On September 9th, Eastern Time, NVIDIA released the next-generation Rubin CPX chip system, specifically designed for large-scale contextual processing tasks such as AI video generation and software development, enhancing AI coding and video processing capabilities.

The Rubin CPX is scheduled to launch at the end of 2026, in a card form that can be integrated into existing server designs or run as a standalone computing device in data centers.

This chip system achieves significant breakthroughs in technical specifications.
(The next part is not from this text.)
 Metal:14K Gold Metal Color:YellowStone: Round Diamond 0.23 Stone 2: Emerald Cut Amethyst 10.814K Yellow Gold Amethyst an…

The Rubin CPX GPU offers 30 petaflops of computing power (NVFP4 precision), equipped with 128GB of GDDR7 memory, and supports hardware for video decoding and encoding, achieving three times the attention acceleration compared to the NVIDIA GB300 NVL72 system.
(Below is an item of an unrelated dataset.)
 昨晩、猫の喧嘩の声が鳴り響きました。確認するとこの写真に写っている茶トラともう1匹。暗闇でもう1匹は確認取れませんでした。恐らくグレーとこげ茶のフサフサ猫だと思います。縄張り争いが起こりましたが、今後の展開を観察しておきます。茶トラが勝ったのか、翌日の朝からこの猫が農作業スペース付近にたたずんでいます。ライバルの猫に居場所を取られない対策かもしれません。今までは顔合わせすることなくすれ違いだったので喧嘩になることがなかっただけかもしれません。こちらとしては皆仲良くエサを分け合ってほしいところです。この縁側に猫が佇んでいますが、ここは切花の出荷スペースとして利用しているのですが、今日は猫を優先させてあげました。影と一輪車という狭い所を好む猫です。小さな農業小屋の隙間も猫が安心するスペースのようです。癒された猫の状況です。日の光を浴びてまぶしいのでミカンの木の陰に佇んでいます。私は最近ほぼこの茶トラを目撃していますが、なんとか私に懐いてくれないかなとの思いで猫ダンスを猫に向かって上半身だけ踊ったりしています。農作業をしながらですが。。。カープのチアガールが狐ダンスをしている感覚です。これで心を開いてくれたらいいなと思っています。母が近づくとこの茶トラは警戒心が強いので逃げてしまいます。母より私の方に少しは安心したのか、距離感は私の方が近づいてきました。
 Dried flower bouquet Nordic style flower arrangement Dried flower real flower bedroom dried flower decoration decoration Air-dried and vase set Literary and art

The complete Vera Rubin NVL144 CPX platform integrates 144 Rubin CPX GPUs, 144 Rubin GPUs, and 36 Vera CPUs in a single rack, providing 8 exaflops of AI performance, which is 7.5 times the performance of the NVIDIA GB300 NVL72 system.

NVIDIA CEO Jensen Huang stated that the Rubin CPX is the first CUDA GPU built specifically for processing millions of tokens. He said:

"Just as RTX revolutionized graphics and physical AI, Rubin CPX is the first CUDA GPU built for large-scale contextual AI, allowing models to infer millions of knowledge tokens simultaneously."

NVIDIA claims that the new chip offers a return on investment of 30 to 50 times, with a deployment of $100 million in new chip hardware potentially generating up to $5 billion in revenue for customers, meaning up to $5 billion in revenue from a $100 million capital expenditure. This forecast emphasizes NVIDIA's efforts to quantify the commercial value of AI infrastructure.

Technological Innovation: Decoupled Inference Architecture Enhances Efficiency

The Rubin CPX employs a decoupled inference architecture, dividing the AI computing process into contextual and generative phases. The contextual phase requires high-throughput computing to process large amounts of input data, while the generative phase relies on fast memory transfers and high-speed interconnects.

This design allows the two phases to be processed independently, achieving precise optimization of computing and memory resources. The Rubin CPX is specifically optimized for the compute-intensive contextual phase, working in conjunction with existing infrastructure to provide three times the attention acceleration performance.

The platform is equipped with 100TB of high-speed memory and a memory bandwidth of 17 petabytes per second, connected via NVIDIA Quantum-X800 InfiniBand or Spectrum-X Ethernet, coordinated by the Dynamo platform

Application Scenarios: Reshaping Software Development and Video Generation

In the field of software development, Rubin CPX enables AI systems to handle entire codebases, maintain cross-file dependencies, and understand repository-level structures. This transforms programming assistants from autocomplete tools into intelligent collaborators capable of understanding "large-scale software projects."

In terms of video generation, the system can complete decoding, encoding, and processing on a single chip, with AI models capable of handling up to 1 million tokens of one hour of content. This provides unprecedented coherence and memory capabilities for long video content generation.

Multiple companies have expressed interest in collaboration. The code generation company Cursor plans to use this technology for code generation, the video creation platform Runway will apply it to video generation workflows, and the AI research company Magic plans to leverage this technology to build foundational models with a 100 million token context window.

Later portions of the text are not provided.